說完這些,小青那雙小手搭在林倉肩膀上晃呀晃的。

林倉笑道:“那你們以後也輪著服侍唄。”

小丫頭能有什麼壞心思。

這點小願望為何不成全?

小白突然說道:“可是,我怕玉嬈姐姐不同意呀。”

林倉想了片刻,笑道;“那以後咱們也掀牌子,抽到誰是誰唄。”

在宮裡伺候了這麼久,沒想到他林倉也有掀牌子的一天。

玉嬈、清塵、琉璃、小青、小白,看來得想辦法把這麼小丫頭湊到一起呀。

剛洗完澡。

門外小廝便將一封信送到林倉手裡。

林倉開啟信,信上寫著,“林督主,張光武請您思源齋一聚。”

張光武是誰?

不過這思源齋林倉是知道,裡邊全是野味海鮮,消費昂貴。

林倉從張家出來,到北大荒街上溜達。

正值夏日炎炎,路上行人都穿得清涼,手持搖扇來來往往,好不熱鬧。

林倉往日出門都是坐馬車,第一次自己走在北大荒街道上。

找思源齋的路上,也走了不少冤枉路。

林倉來到個六層建築,裝修奢華,門口牌子上寫著“思源齋”三個大字。

林倉走進大門口,立刻被個跑堂熱情招呼:“客官幾位?裡邊請。”

“張光武讓我過來的。”林倉如實道。

那跑堂立刻反應過來,領著林倉朝裡邊走去。

跑堂帶林倉來到了頂樓。

頂樓只有張其碩大的桌子,裝飾也較其他幾層更為奢華。

一白髮的男子坐在桌前,身穿淺青色錦衣,丹鳳眼,眼神裡滿是算計。

“張光武?”

林倉隨便找了個位置坐下。

“林大人,很榮幸認識你。”

張光武再笑,笑得卻令人覺得彆扭。

林倉看著張光武,五官清秀,算得上是童顏鶴髮,可他身上卻沒有半分仙氣,全是那股子市井算計的味道。

林倉直截了當地問道:“找我來,所為何事?”

“交個朋友嘛,林大人吃菜。”

張光武站起身來,拿起一旁的酒壺,殷切地來到林倉身旁,為其倒酒。

看著對方討好的樣子,林倉卻不為所動,淡淡地道:“你在這兒跟我兜圈子,這酒我可不敢喝啊。”

聽聞此話,張光武放下酒壺。

倒滿一杯酒,舉杯一飲而盡。

拿著空蕩蕩的酒杯,笑道:“小的就直說了,小的對大人很是敬佩,想留在大人身旁求個一官半職。”

聞言,林倉認真地看向張光武。

這人處事圓滑,進退有度,自己身邊要是有這樣的幫手,倒也不是個壞事。

心裡想著,林倉淡淡的問道:“我憑什麼相信你?”

女帝下旨令林倉重建西廠。

如今確實是用人的時候。

此刻自薦看起來合情合理,但人心隔肚皮,具體的還有待考察。

張光武依舊在笑,反問道:“怎樣才能讓大人相信我?”

二人實現相疊,都無半分退意。

見林倉沒說話,張光武繼續笑道:“小的找到大人謀前程,自是為了升官發財,如今大人風頭正盛,在你手下當朝油水肯定少不了。”

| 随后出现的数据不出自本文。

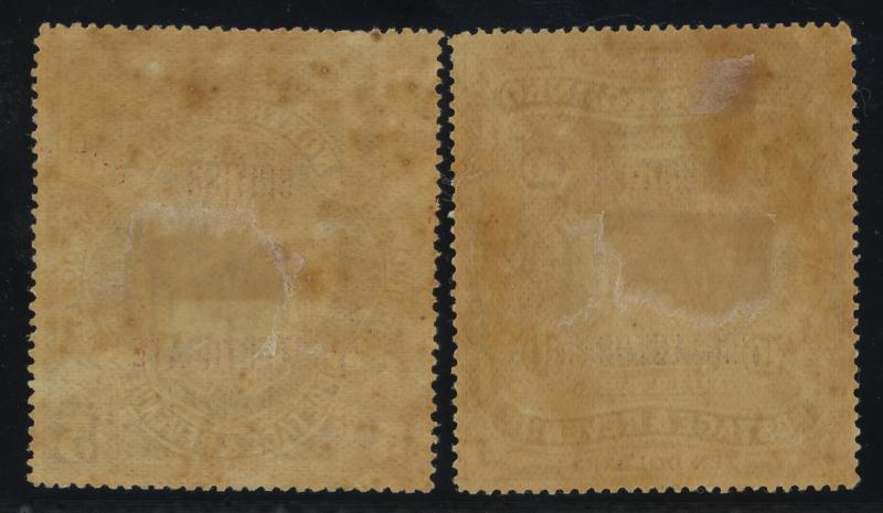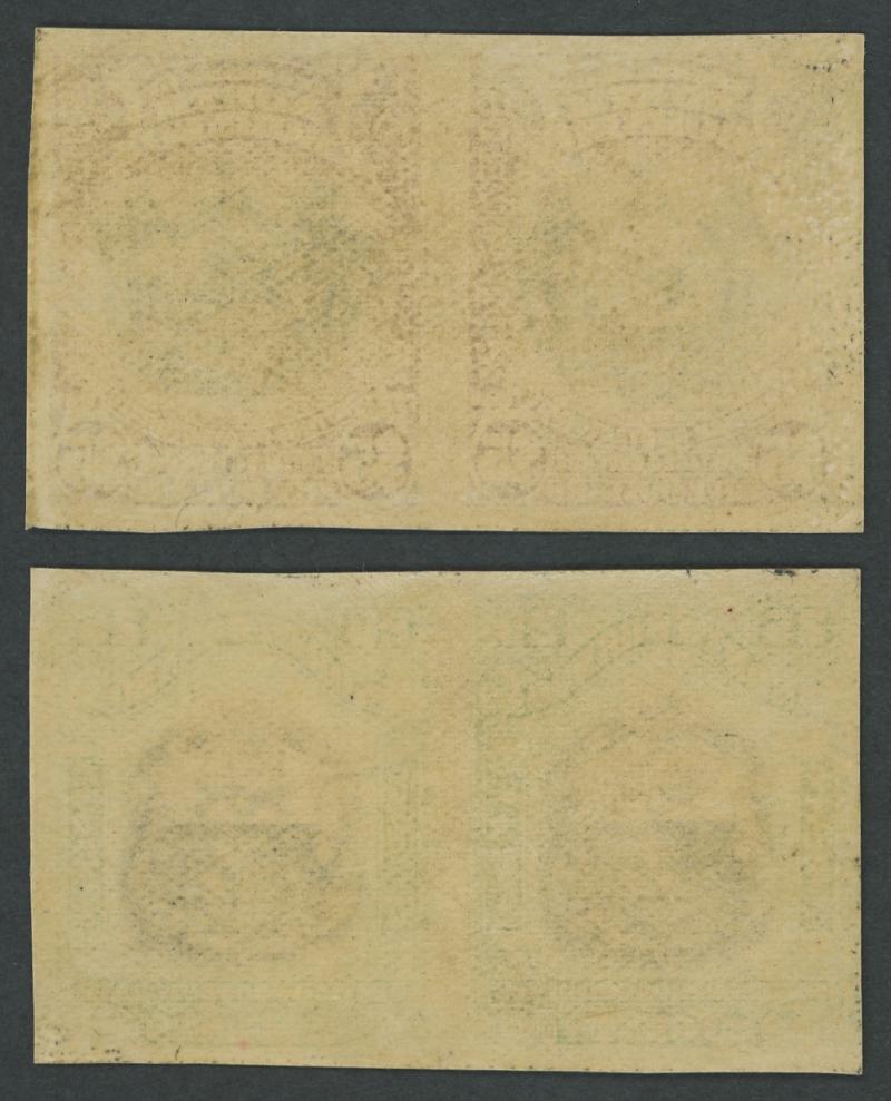 mounted, Cat £340. Gibbons states these have no gum. However, both pairs here have large-part gum. (2 pairs) (Image1) (Image2)
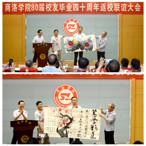 商洛學(xué)院80屆校友總聯(lián)絡(luò)人孟軍,在聯(lián)誼大會上代表全體校友感謝學(xué)校對此次活動的重視和支持,并現(xiàn)場贈送《桃李清風(fēng)報春曉·江湖夜雨思母?!贰赌档D》等書畫作品表達(dá)對母校的深情厚意。他在發(fā)言中表示,憶往昔,歲月崢嶸,母校承載了一代人的青春時光,不管如今身在何方,故土的鄉(xiāng)情、母校的恩情、師生的友情都絕不能忘;看今朝,倍加珍惜,80屆校友們親身經(jīng)歷了祖國改革開放40年的發(fā)展變化、親眼目睹了母校翻天覆地的發(fā)展壯大,這些來之不易的成果需要我們共同呵護珍惜;講未來,豪情滿懷,如今的祖國屹立于世界之林,揚起了大國的風(fēng)帆,如今的商洛學(xué)院作為陜西省“一流學(xué)院”建設(shè)單位,已成長為一棵枝繁葉茂的大樹,站在新時代的節(jié)點展望未來的發(fā)展,我們信心滿滿。衷心祝愿祖國的明天更美好、母校的未來錦繡如花。
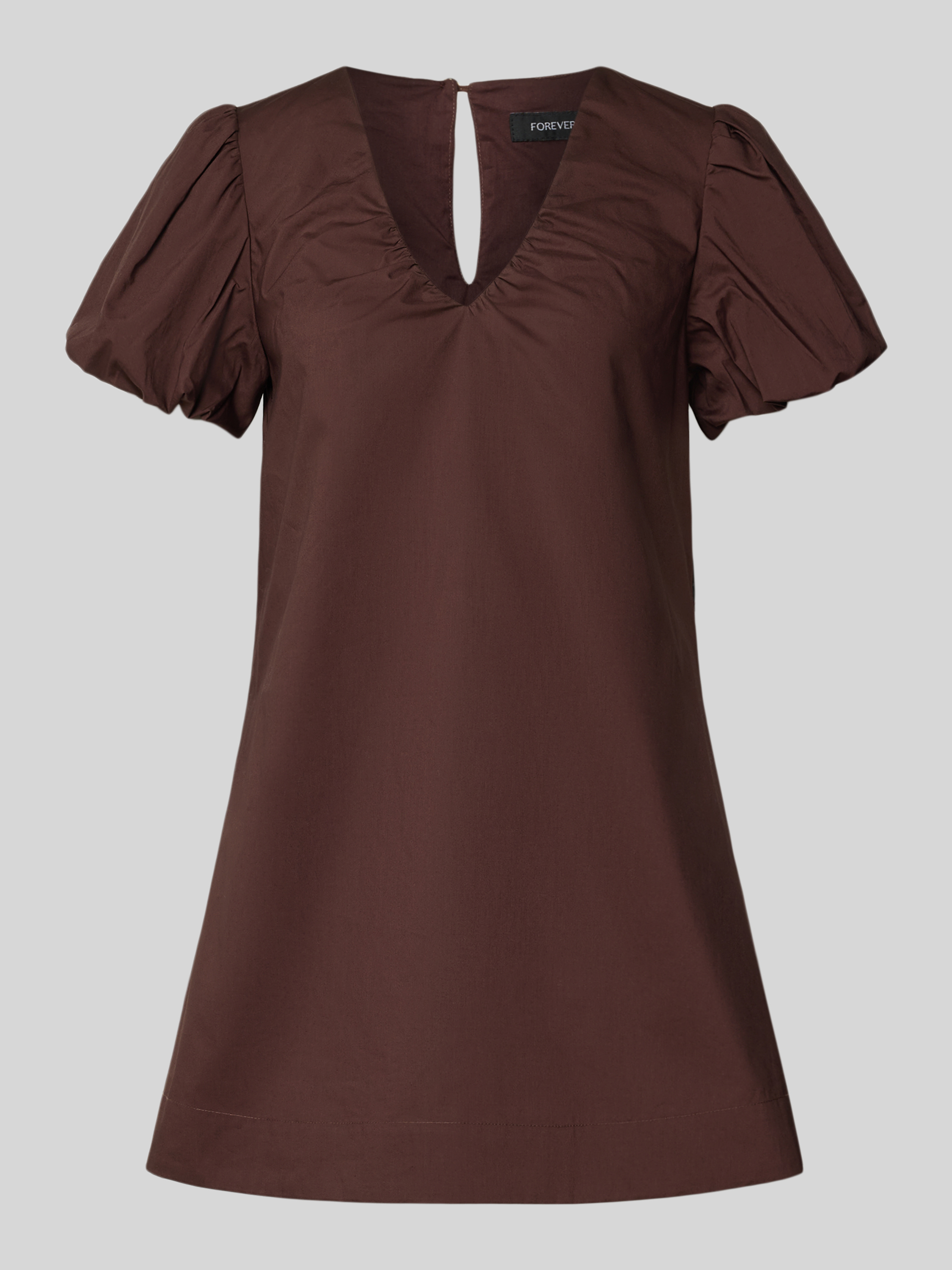 Das Damen Cocktailkleid von Forever New präsentiert sich aus reiner Baumwolle und bringt mit ausgestelltem Schnitt und Puffärmeln eine frische Note in den Look. Durch den V-Ausschnitt entsteht eine schmeichelnde Silhouette, während die Minilänge spielerische Leichtigkeit vermittelt. So eignet sich das Kleid für festliche Anlässe.
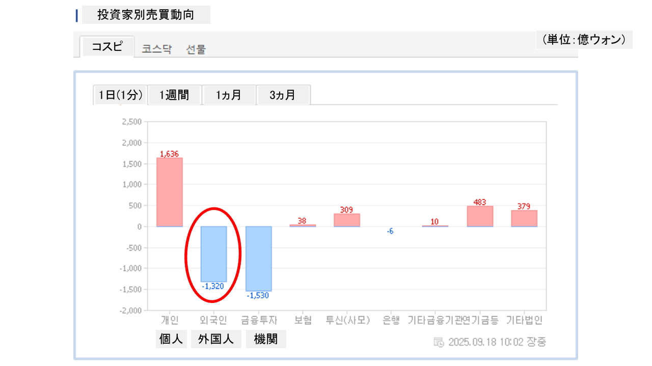 個人投資家は「1,636億ウォン」の買い越し。一方の外国人投資家は「1,320億ウォン」の売り越しです。
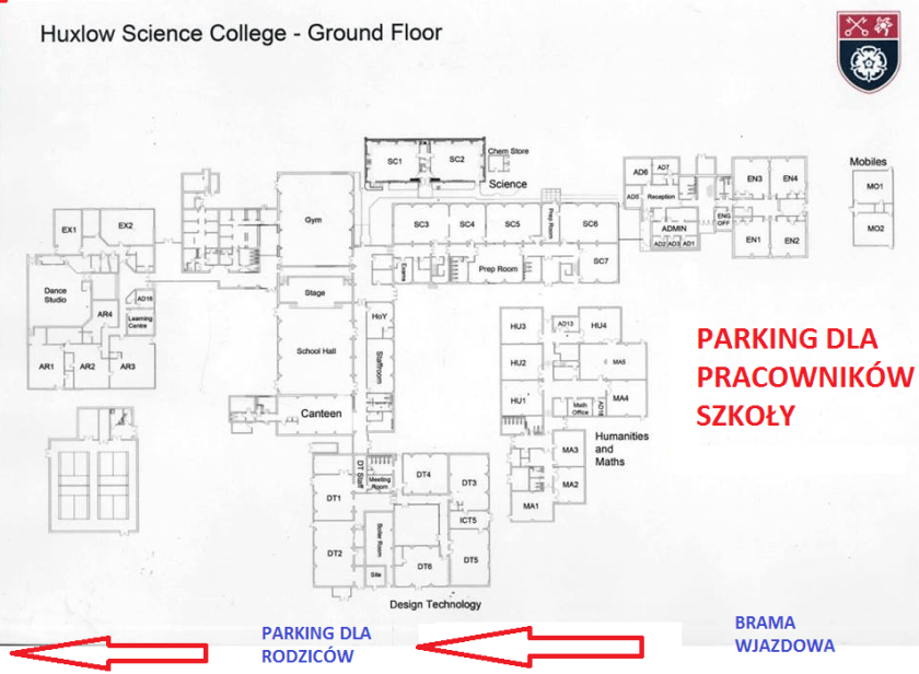 Parking dla rodziców jest usytuowany za szkołą. Po wjeździe na teren szkoły , za czerwoną bramę, prosimy skręcić w lewo i pojechać prosto. Rodzice z Rady Rodziców będą Państwa kierować.
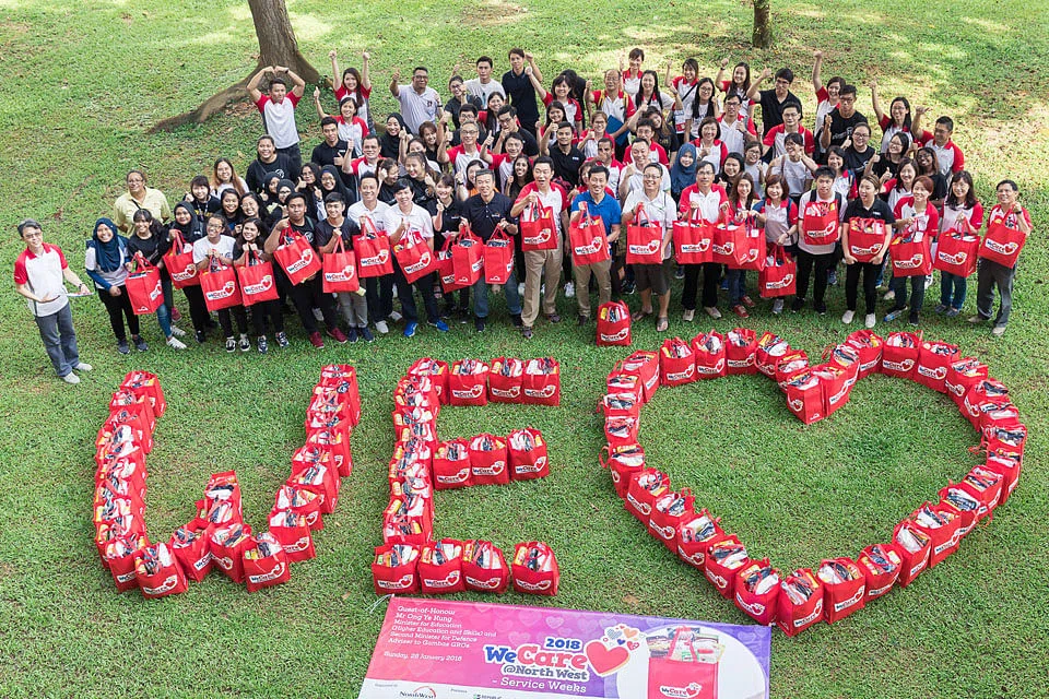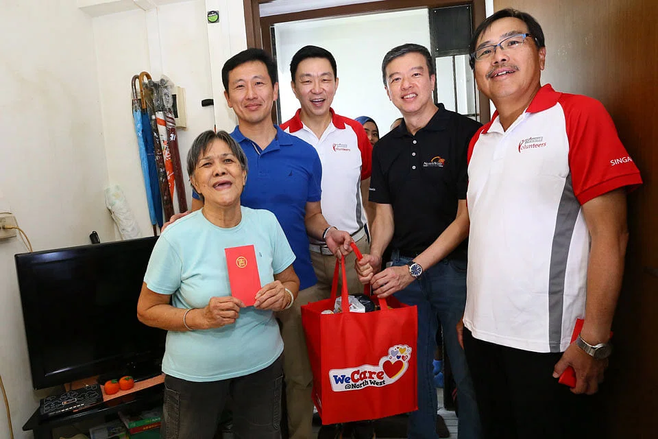 Keppel Land staff volunteers and students from Republic Polytechnic distribute festive packs and CNY red packets to residents in Gambas
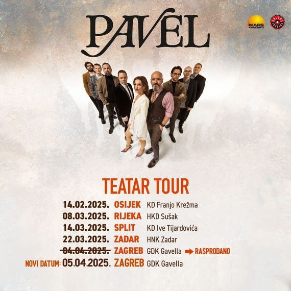 Grupa Pavel s ponosom najavljuje koncertnu turneju pod imenom 'Teatar Tour' s kojom će u periodu od veljače do travnja 2025. obići pet hrvatskih gradova!

張光武目光坦蕩,“信任可以慢慢建立,大人身邊確實需要只屬於自己的人,我張光武可以保證以後只忠心於你一人。”

林倉嘴角上揚,這人確實有趣,“你拿的是朝廷俸祿,憑什麼只忠心我一人?”

張光武臉色滿是得意,“良禽擇木而棲,賢者擇主而事,大人所謀甚遠,絕不甘於困於此處。”